I live in an upper middle-class suburb in Southern California. I, myself, am under the federal poverty level, but I manage to live paycheck-to-paycheck with some left over for savings/retirement. Lots of my neighbors don’t. I didn’t notice it really take off until 2008, but my community has at least quadrupled its homeless population. More women. More children. More young men, in their 20’s.
I love space and space exploration. As a 7-year-old I remember that July day in 1969, living in Fresno, California watching the moon landing on a 17″ black and white T.V. with rabbit ears…grainy images. I walked outside and looked up at the moon…hoping to catch a glimpse of Apollo 11. My imagination fired and my pride swelling…I was proud to live in a country that could accomplish this.
Space exploration will forever be seen as a national source of pride, a barometer of our success, a benchmark of our scientific progress. The best minds, the cutting edge of innovation. All good stuff.
There’s a lady with a couple of kids sleeping in a car that might argue that landing a rover on Mars is not quite as important to our national pride as allowing a child to starve in our own country. It’s simply a matter of priorities. And morality.

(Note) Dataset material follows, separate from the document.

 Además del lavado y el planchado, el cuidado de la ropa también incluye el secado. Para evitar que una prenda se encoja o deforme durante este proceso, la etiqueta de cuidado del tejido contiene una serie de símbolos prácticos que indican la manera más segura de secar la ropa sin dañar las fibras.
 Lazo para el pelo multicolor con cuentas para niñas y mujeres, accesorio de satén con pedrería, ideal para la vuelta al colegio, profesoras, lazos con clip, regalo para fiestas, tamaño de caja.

I have a household budget. I cannot buy a new car if I can’t put food on my table. Period. What is our choice to be, as a nation, when our own people are starving, are living in cars, are living with their families in storm drains. Do we provide the morally defensible “safety net” that provides a measure of safety and dignity to these human beings? Or do we continue to fund NASA?
Do we put food on the table and shelter our neighbors or do we continue to spend an estimated 17-18 billion dollars a year on space exploration (the proverbial “new car”)?
The moral answer is simple in my view. The political & cultural answers are much more complex and wide-ranging. I don’t have the answer but I think we, as the greatest nation in the world, as a country that has long defended its moral standing in the international community, need to start addressing the issue of poverty and homelessness before we approve another NASA budget. If we don’t, we will be driving that new car on an empty stomach…and that will only last for so long.